_Entries provided_.
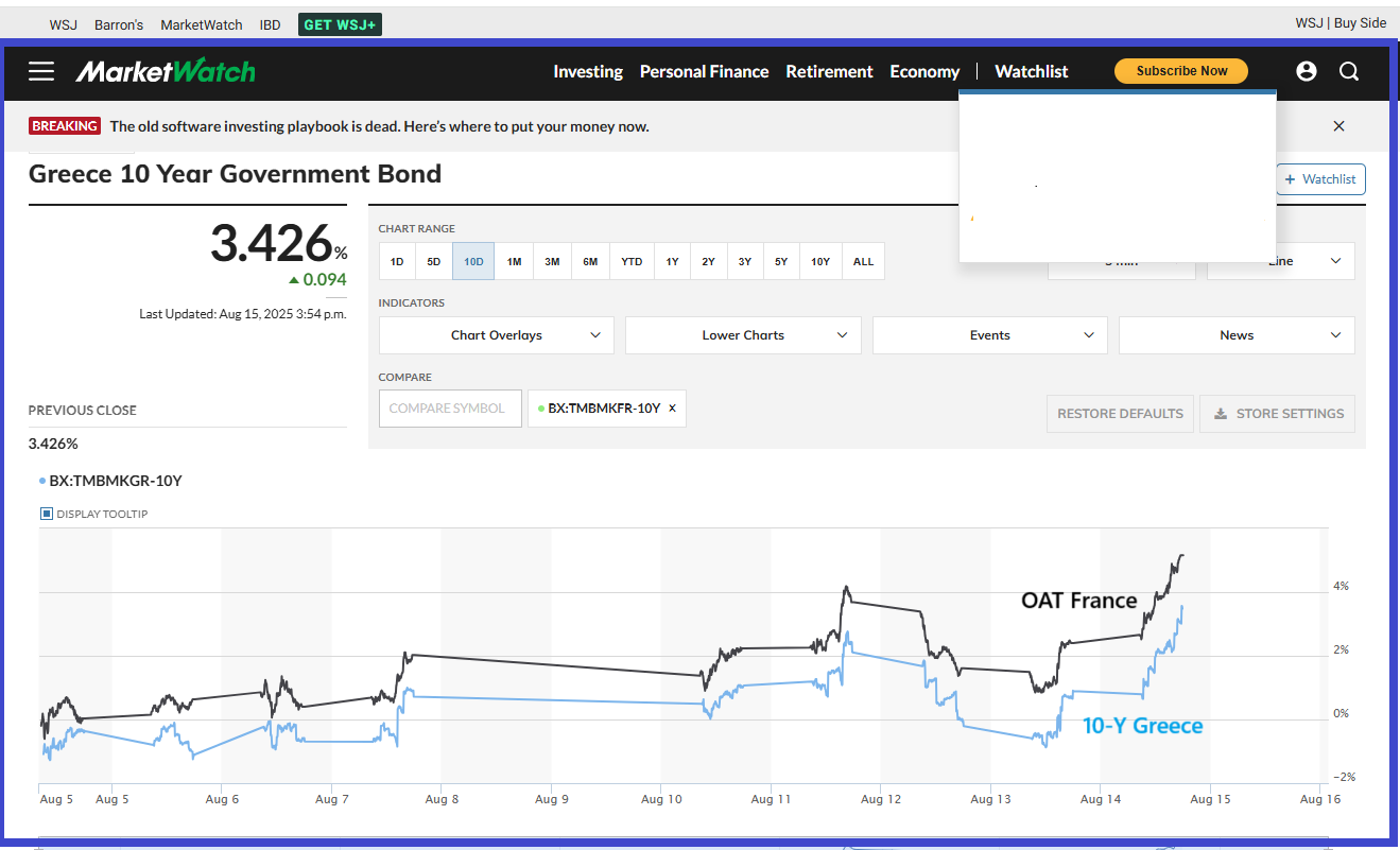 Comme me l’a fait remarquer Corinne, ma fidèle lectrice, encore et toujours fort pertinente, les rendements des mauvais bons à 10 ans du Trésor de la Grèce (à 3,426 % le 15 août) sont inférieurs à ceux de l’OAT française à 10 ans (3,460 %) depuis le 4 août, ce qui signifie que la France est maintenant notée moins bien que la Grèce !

---

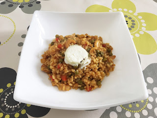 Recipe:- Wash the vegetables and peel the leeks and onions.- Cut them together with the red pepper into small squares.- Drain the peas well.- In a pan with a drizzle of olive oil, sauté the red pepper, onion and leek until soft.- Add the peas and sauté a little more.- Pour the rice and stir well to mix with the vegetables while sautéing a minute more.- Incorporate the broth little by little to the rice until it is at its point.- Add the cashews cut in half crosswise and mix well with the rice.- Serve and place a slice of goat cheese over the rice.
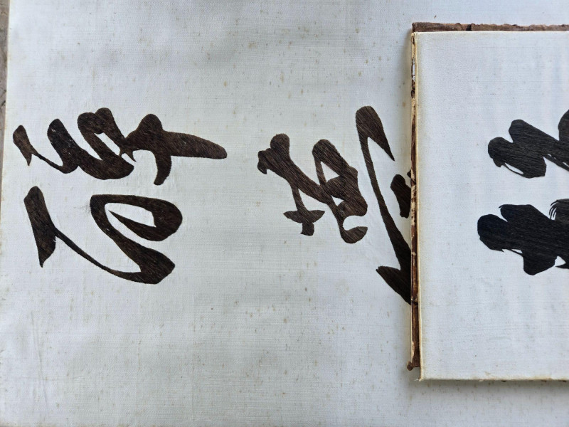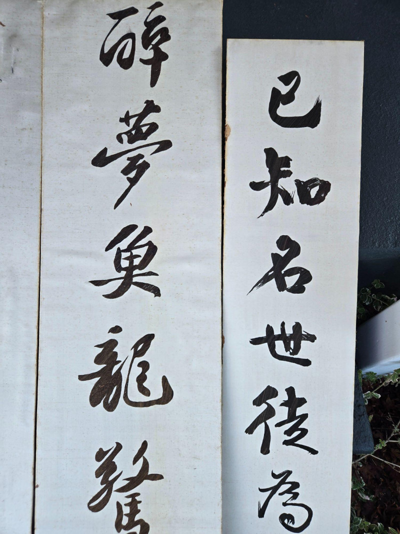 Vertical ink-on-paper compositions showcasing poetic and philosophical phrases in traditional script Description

_Problem to work on_. Could you repeat, exactly, only the lines above starting at the one that has "Recipe:- Wash the" and stopping after the one that has "Vertical ink-on-paper compositions", without the pictures?

_Task solution_.
 Recipe:- Wash the vegetables and peel the leeks and onions.- Cut them together with the red pepper into small squares.- Drain the peas well.- In a pan with a drizzle of olive oil, sauté the red pepper, onion and leek until soft.- Add the peas and sauté a little more.- Pour the rice and stir well to mix with the vegetables while sautéing a minute more.- Incorporate the broth little by little to the rice until it is at its point.- Add the cashews cut in half crosswise and mix well with the rice.- Serve and place a slice of goat cheese over the rice.
 Vertical ink-on-paper compositions showcasing poetic and philosophical phrases in traditional script Description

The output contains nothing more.